REQUIRED WORK ▸
Transcribe the listing that follows in full, omitting pictures.

SUPPLIED INFORMATION ▸
########################################

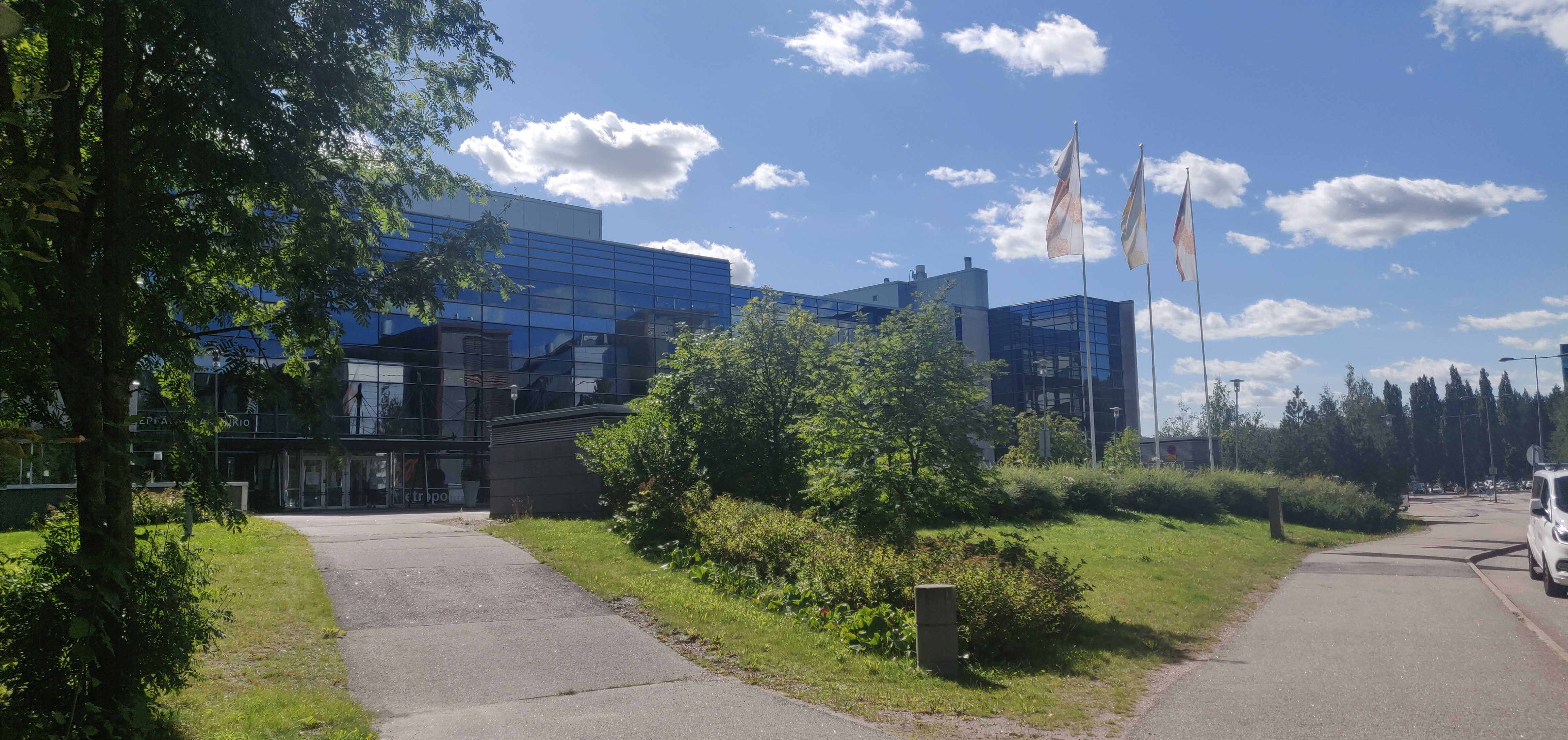 Karamalmi campus
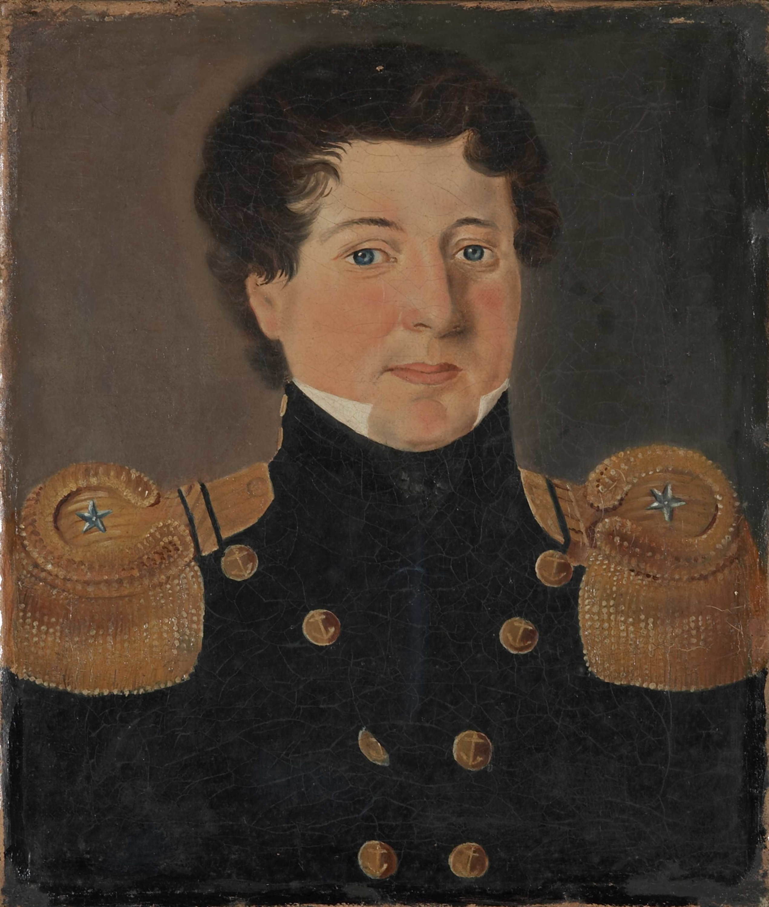 Portrait of Christopher Budde, officer at SS Constitutionen, the first steamship of Norway.
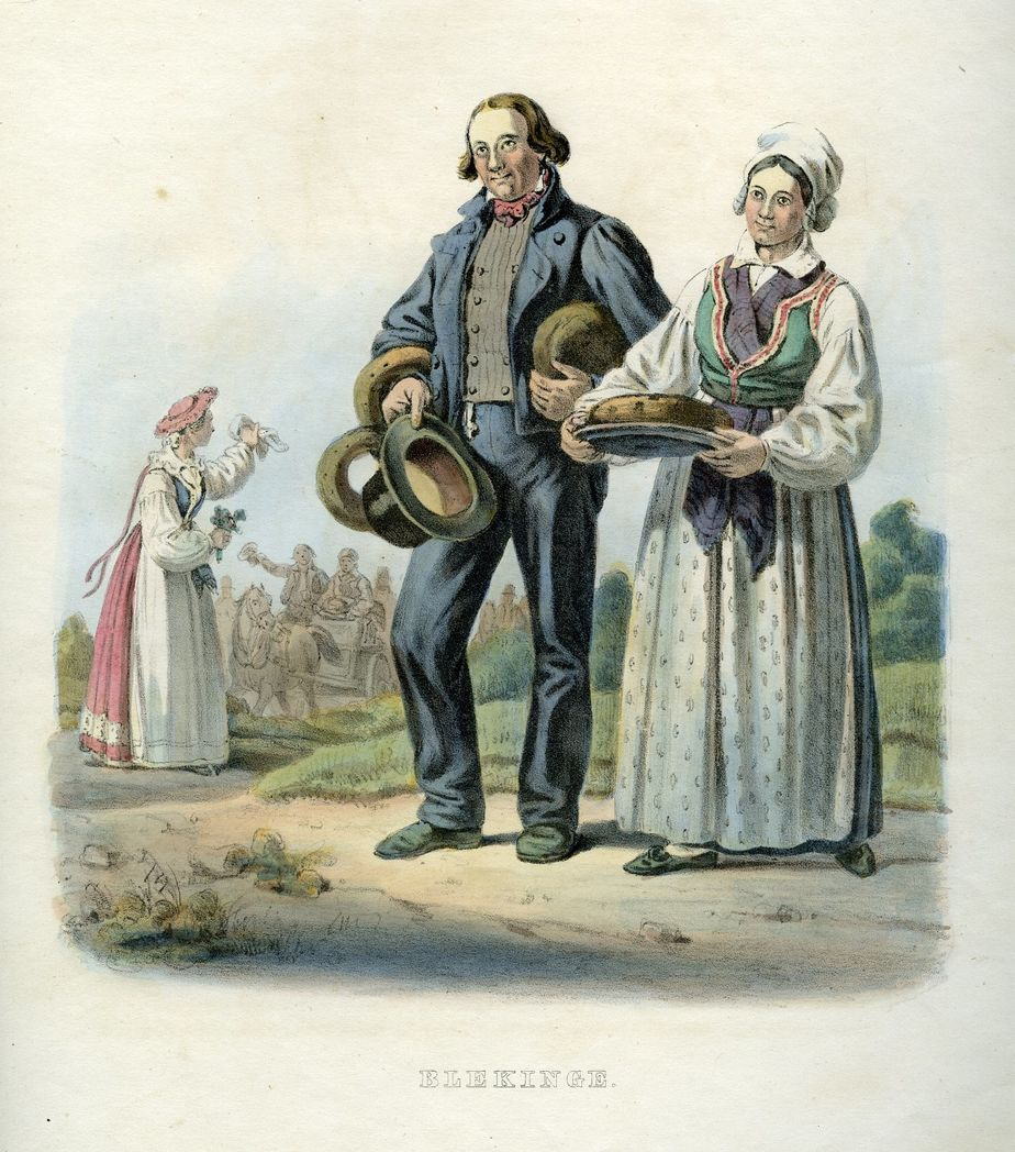 Man och kvinna i Blekingedräkt

########################################

TASK SOLUTION ▸
 Karamalmi campus
 Portrait of Christopher Budde, officer at SS Constitutionen, the first steamship of Norway.
 Man och kvinna i Blekingedräkt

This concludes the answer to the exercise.